Calc Work Needed to Push Car up 11.0 deg Incline

[xelda]

Whis is the minimum work needed to push a 1068 kg car 305 m up a 11.0 degree incline if the effective coefficient of friction is 0.26?

I have a hard time understanding why the normal force does not equal mg? How do I find the normal force? Or am I looking at this problem incorrectly?

 

[Galileo]

Draw a picture of the car on the incline.
Gravity acts straight down vertically, but the normal force is perpendicular (normal) to the surface. Since the incline makes an angle with the vertical, the normal force acting on the car also makes an angle with the gravitational force.
Try to find the component of the gravitational force perpendicular to the surface (or parallel to the normal).

 

[dextercioby]

Apply the theorem of variation of KE...It will be immediate.

Daniel.

P.S.Compute the forces correctly...Take Galileo's advice.He's really keen on inclines...

 

[ramollari]

Apply the theorem of variation of KE...It will be immediate.

What do you mean by this?
It is just a matter of net force along the direction of motion and distance also.

 

[dextercioby]

The minimum work done will be the work one has to do is simply compensate the work done by gravity & frition force...Sure,in this case,bacause,the initial & final states are not specified (namely the veloities being given),one cannot use the theorem...

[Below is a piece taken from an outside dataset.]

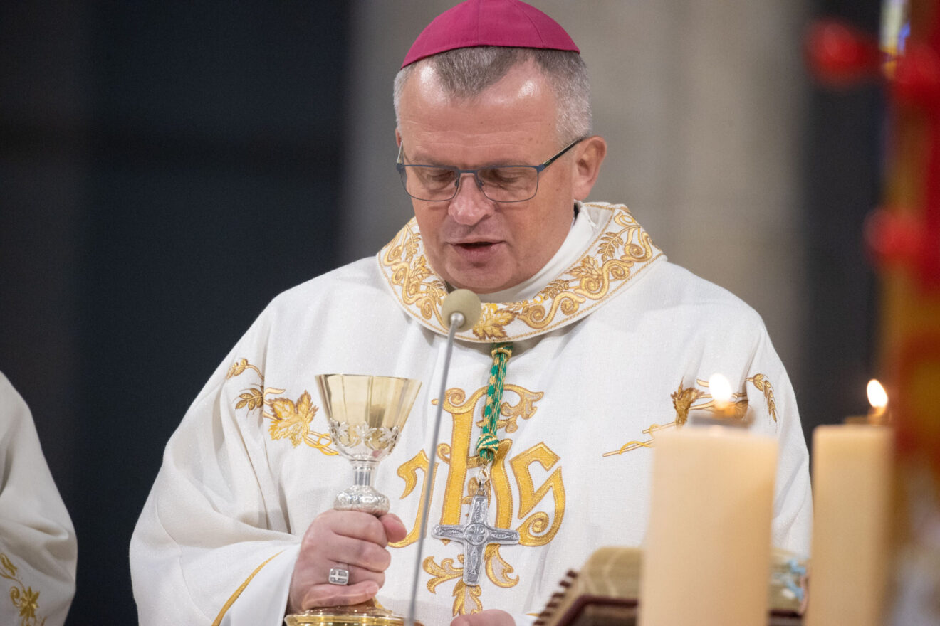 Fot. ks. Paweł KłysBóg staje się nie tylko człowiekiem, ale kawałkiem materii, żeby przyjść do mnie! On zachęca mnie do takiej miłości – nie tylko do Pana Boga, ale również do człowieka, który jest obok mnie – powiedział bp Zbigniew Wołkowicz podczas liturgii, w czasie której pobłogosławił 65 nowych nadzwyczajnych szafarzy Komunii Świętej.

So my advice was not lucrative for this problem,sorry.

Daniel.

 

[xelda]

I would assume the normal force is mg x sin theta, but I was told this was incorrect?

 

[ramollari]

I would assume the normal force is mg x sin theta, but I was told this was incorrect?

No man. If \theta is the angle that the incline makes with the horizontal then you take cos\theta! Draw the picture and see why.